◆ **What you are asked to do**
Beneath this line is the data. Output exactly the lines from the line with "Дарынды балалармен бастауыш" to the line with "In the present", both ends included, and nothing more.

◆ **Data section**
——

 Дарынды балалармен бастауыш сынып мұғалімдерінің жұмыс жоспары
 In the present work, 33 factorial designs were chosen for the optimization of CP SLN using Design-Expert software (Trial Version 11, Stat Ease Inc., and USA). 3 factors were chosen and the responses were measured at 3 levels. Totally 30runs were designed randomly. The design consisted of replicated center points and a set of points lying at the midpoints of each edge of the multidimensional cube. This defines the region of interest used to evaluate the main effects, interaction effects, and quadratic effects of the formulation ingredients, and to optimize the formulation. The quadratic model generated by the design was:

——

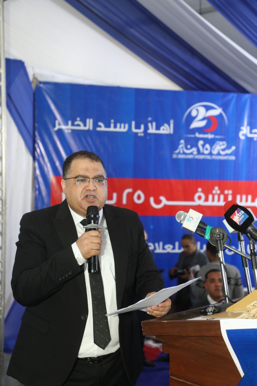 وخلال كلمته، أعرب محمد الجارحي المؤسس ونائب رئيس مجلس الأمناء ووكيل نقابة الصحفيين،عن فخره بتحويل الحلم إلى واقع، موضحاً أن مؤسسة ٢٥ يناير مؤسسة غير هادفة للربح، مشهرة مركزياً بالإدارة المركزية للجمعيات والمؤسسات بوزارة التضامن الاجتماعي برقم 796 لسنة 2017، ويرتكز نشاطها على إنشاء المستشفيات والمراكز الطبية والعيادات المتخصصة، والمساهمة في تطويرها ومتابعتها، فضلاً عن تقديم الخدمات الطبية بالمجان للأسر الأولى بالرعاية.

——

◆ **Response below**
 Дарынды балалармен бастауыш сынып мұғалімдерінің жұмыс жоспары
 In the present work, 33 factorial designs were chosen for the optimization of CP SLN using Design-Expert software (Trial Version 11, Stat Ease Inc., and USA). 3 factors were chosen and the responses were measured at 3 levels. Totally 30runs were designed randomly. The design consisted of replicated center points and a set of points lying at the midpoints of each edge of the multidimensional cube. This defines the region of interest used to evaluate the main effects, interaction effects, and quadratic effects of the formulation ingredients, and to optimize the formulation. The quadratic model generated by the design was:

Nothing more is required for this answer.